The primary ML method in this project has been high-dimensional neural network potentials (HDNNPs). At the start of the project, there already existed several open-source packages which implement this particular method. One package in particular, TorchANI, stood out as the package distributors included with pre-made, generally applicable, force fields. Within this project, the fellow integrated the code into the Amsterdam Modeling Suite (AMS), allowing users to get DFT or CC-quality results for organic molecules almost instantly. Furthermore,
the integration of TorchANI was accomplished via a general and flexible interface that also supports other ML Python packages for predicting potential energy surfaces (such as SchNetPack, sGDML, and PiNN), allowing for many different types of ML methods to be used with AMS.
In a collaboration with researchers from Uppsala University, the fellow developed PiNN, an open-source Python package for constructing and evaluating atomic neural networks for molecules and materials. This package implements not only the high-dimensional neural network potentials, but also message-passing graph-convolutional neural networks, in particular the PiNet architecture which was developed in this project. One benefit of this approach, in comparison to HDNNPs, is that the features of the local atomic environments do not need to be constructed explicitly beforehand, but these features are instead learned by the ML method. The PiNet architecture can be parameterized to accurately predict the potential energy surface and its gradients (forces, and stress tensors for periodic systems). Moreover, it can be applied to directly predict properties, for example the formation energies of materials.
As a result of this project, it is now possible to run simulations inside the Amsterdam Modeling Suite combining a variety of low-level methods like ReaxFF, DFTB, or DFT with Machine Learning to improve the original predictions. The interface is very general and also allows to perform quantum-mechanics/molecular-mechanics (QM/MM) hybrid calculations. It is also possible to parametrize the corresponding ML methods.
Although the focus of this project was on Machine Learning, the fellow has also deepened his knowledge about other parametrized methods, in particular ReaxFF. ReaxFF is a reactive force field with many parameters that need to be fitted. The fellow co-developed ParAMS, a Python package for fitting parameters for any of the many methods implemented in AMS, including ReaxFF. ParAMS handles training set and validation set evaluations, features a variety of fitting algorithms, and has a special focus on transparency and reproducibility.
These new developments have been released as part of SCM’s Amsterdam Modeling Suite 2020, and are thus available to the materials modelling community. Likewise, the PiNN Python library is available on GitHub.

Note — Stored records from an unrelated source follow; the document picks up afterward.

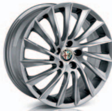
Turbina Alternatief in Pack Sport 3 (optie 5RH)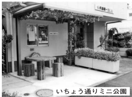
いちよう通りミニ公園

推薦してくださった方のコメントを紹介します。「会社の皆さんのお手入れにより、いつも気持ち良い場所になっています。そして、テーブルといすが加わり、ますますすてきなところとお休みさせていたただこうと思っています。」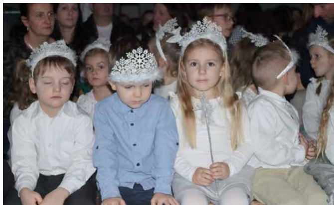
Ciąg dalszy zdjęć ze spotkania świątecznego w cisownickiej szkole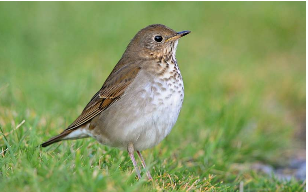
544 Grey-cheeked Thrush / Grijswangdwerglijster Catharus minimus , first-year, Rerwick, Mainland, Shetland, Scotland, 10 November 2014 (Rebecca Nason)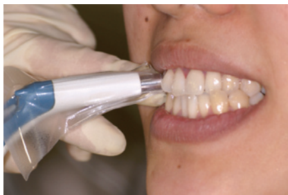
1-8 VITA Easysshadeを用いて術前のシェードを記録する(患者さんが気にしていた3はA3.5)。客観的な資料があると安心である。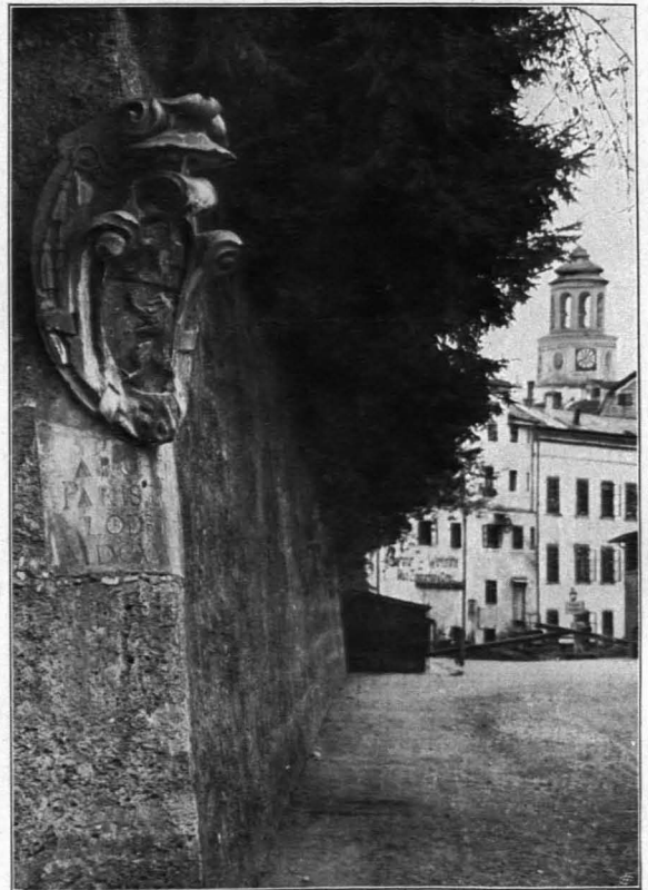
Fig. 317 Rest der Stadtbefestigung, Basteigasse (S. 241)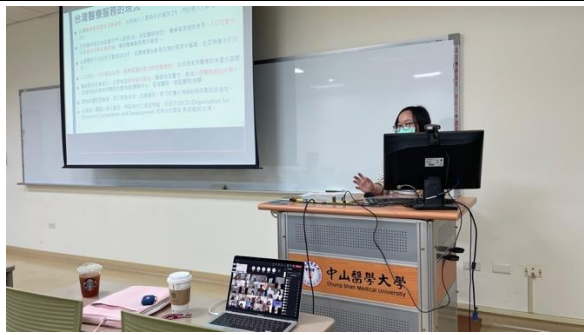
講師搭配簡報進行演講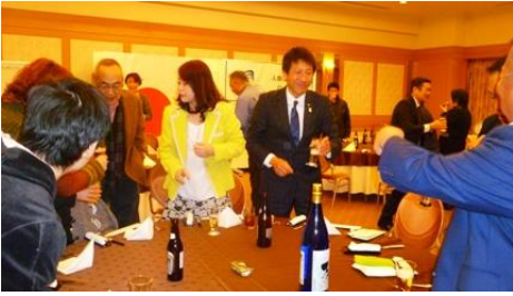
☆原田会員～永野会員～新原会員♪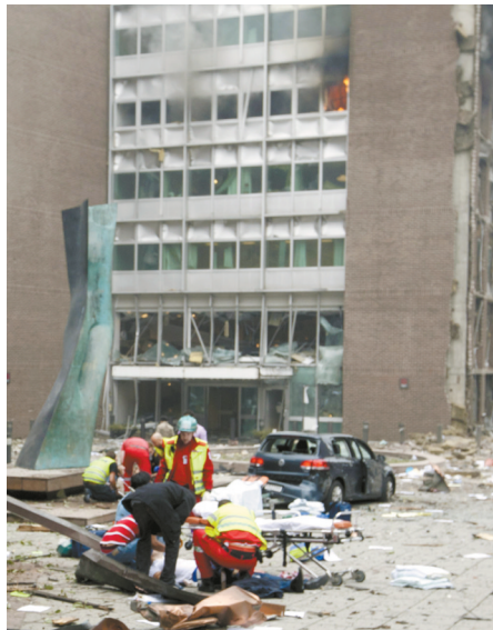
挪威奥斯陆发生爆炸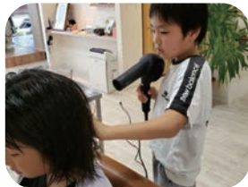
美容師体験 ヘアメイクアーティストさん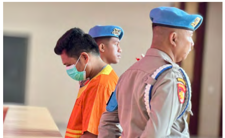
TERSANGKA pencurian di lapak pedagang yang telah diamankan oleh Satreskrim Polresta Balikpapan.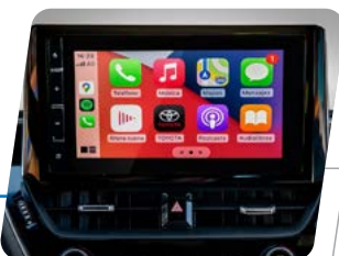
Radio táctil de 9" con función AM/FM, USB, Bluetooth, Android Auto y Apple CarPlay®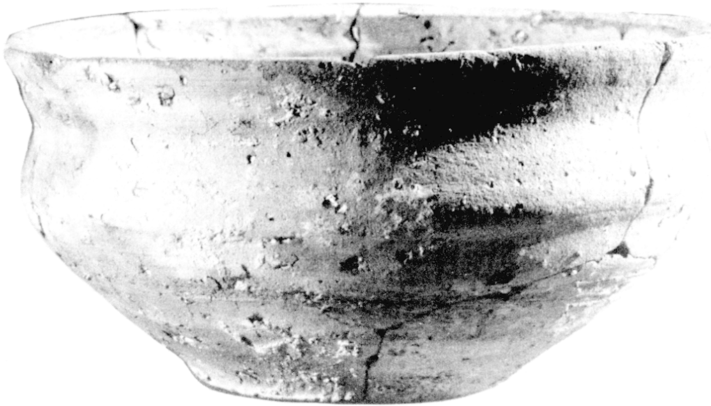
Fig. 2 : Creuset

récente conforte cette idée de datation postérieure au V e siècle : sur le site des fouilles de la Bourse à Marseille, un bec de pégau comparable a été découvert dans un niveau postérieur au milieu du VI e siècle ; en outre, la pâte de ce fragment, du type des céramiques sigillées grises, ne permet pas de le situer dans une période avancée du moyen âge (16). La distinction bien nette du bec tubulaire oblique avec le reste de la pièce et le type d'attache qui débordent sur l'ourlet du récipient semblent être les principaux critères des premiers pégaus comme l'avait observé justement S. Gagnière dans sa classification du pégau (17).

Finally, the fellow was involved in two more applied collaborations with experimental researchers. In the first, ML simulations were used to elucidate temperature effects on the ionic conductivity in concentrated alkaline electrolytes, in particular how deviations from the Nernst-Einstein theory of conductivity are amplified by proton transfer reactions. In the second collaboration, the fellow’s ML simulations and DFT calculations were used to elucidate the formation mechanism of a particular zeolite in very alkaline silica solutions. By combining these simulations with state-of-the-art experimental techniques, the collaborative effort could for the first time illustrate how an inorganic ion-pair could be a structure-directing agent during zeolite synthesis.